Finally, we'd like to determine how much each peak contributes to PC1, PC2, and PC3. We can look at PC4 and up also, but for the sake of time we'll stick with the first 3 principal components; from the scree plot, we see they explain approximately 50% of the variance in the data. Primarily we want to get a sense of which peaks are critical in defining the principle components, and in which direction (positive or negative).

In [None]:
contribs_pc1=count.pca.corrected$rotation[,1]
contribs_pc2=count.pca.corrected$rotation[,2]
contribs_pc3=count.pca.corrected$rotation[,3]

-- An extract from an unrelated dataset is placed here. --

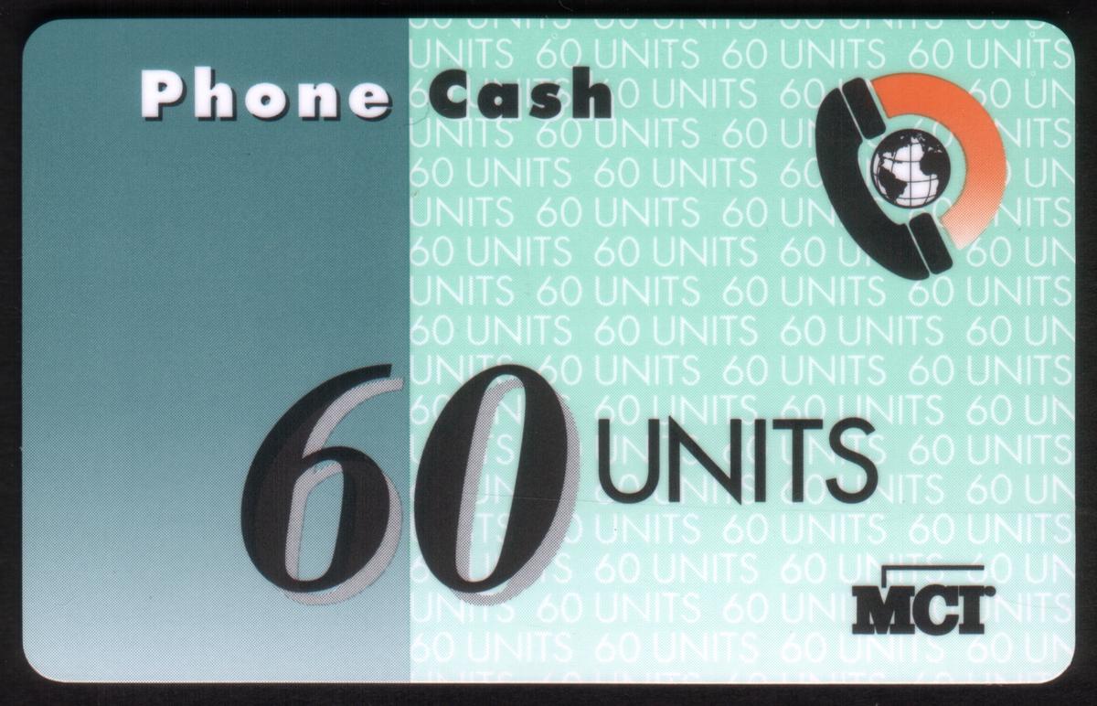 This is a collectible phone card from MCI Communications, representing the value of 60 units (u) of prepaid phone cash. The card is primarily green with clear branding elements including the globe motif and MCI’s identification. It includes Spanish language text, highlighting its use or distribution in Spanish-speaking regions. The card is designed for prepaid phone service, reflecting the telecommunications branding of MCI.

#these are lists of contributs from each peak to the corresponding PC
head(contribs_pc1)
length(contribs_pc1)

In [None]:
#Use the write.table command to write the PC contribution data to output files. 
#If you want to use the pc contributions from count data rather than fold change data, uncomment the lines below. 
#The analyses looked similar enough that either one can be used downstream. 

#write.table(contribs_pc1,paste(work_dir,"pc1_contribs.txt",sep='/'),quote=FALSE,col.names=FALSE,row.names=TRUE,sep='\t')
#write.table(contribs_pc2,paste(work_dir,"pc2_contribs.txt",sep='/'),quote=FALSE,col.names=FALSE,row.names=TRUE,sep='\t')
#write.table(contribs_pc3,paste(work_dir,"pc3_contribs.txt",sep='/'),quote=FALSE,col.names=FALSE,row.names=TRUE,sep='\t')

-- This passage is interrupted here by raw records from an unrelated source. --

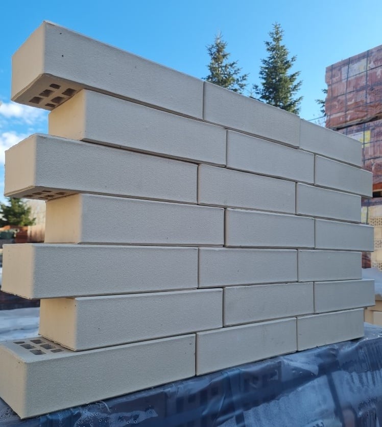 Caramida Klinker alba/bej, rezistenta la inghet, pentru constructia gratarelor, gardurilor sau fatadelor la casele de locuit.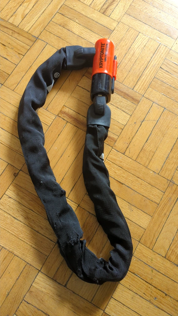 Selling a Kryptonite Evolution chain lock for bikes. It's in good condition and ready to keep your bike safe and sound. There are signs of wear on the fabric sleeve, as shown in the pictures, but the lock itself works perfectly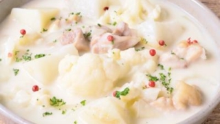 1. 今回は塩分をなくすため、ベーコンの代わりに豚ロースを使いました。

## Hierarchical Clustering of Fold Change Signal Across Samples ##

Cluster analysis is a simple way to visualize patterns in the data. By clustering peaks according to their signal across different time points, we may find groups of peaks that have similar behavior across these time points. By clustering samples according to their signal across peaks, we can perform a simple sanity check of data quality ‐ samples of the same time point should cluster together.

In [None]:
library(gplots)
library(RColorBrewer)

Let's begin by clustering normalized fold change data that has not been corrected for the sample swap or the batch effect:

In [None]:
heatmap.2(norm_asinh_count,
          scale     = "none",
          col       = rev(colorRampPalette(brewer.pal(10, "RdBu"))(256)),
          distfun   = function(x) dist(x,method="euclidean"),
          hclustfun = function(x) hclust(x, method="ward.D"),
          Rowv=TRUE,
          Colv=TRUE,
          trace="none",
          cexCol = 0.9,
          margins=c(15,5),
          labRow="")



Now, we examine the hierarchical clustering on the corrected fold change data. 

In [None]:
heatmap.2(norm_asinh_count_corrected,
          scale     = "none",
          col       = rev(colorRampPalette(brewer.pal(10, "RdBu"))(256)),
          distfun   = function(x) dist(x,method="euclidean"),
          hclustfun = function(x) hclust(x, method="ward.D"),
          Rowv=TRUE,
          Colv=TRUE,
          trace="none",
          cexCol = 0.9,
          margins=c(15,5),
          labRow="")


This looks better than our fold change heatmap, but adding more contrast wouldn't hurt. We follow the same process to color the heatmap by quantiles.

In [None]:
#We split the fold change matrix into 1% quantiles 
quantile.range <- quantile(norm_asinh_count_corrected, probs = seq(0, 1, 0.01))
#we scale the breaks in the heatmap color palette according to the quantiles. 
palette.breaks <- seq(quantile.range["5%"], quantile.range["95%"], 0.1)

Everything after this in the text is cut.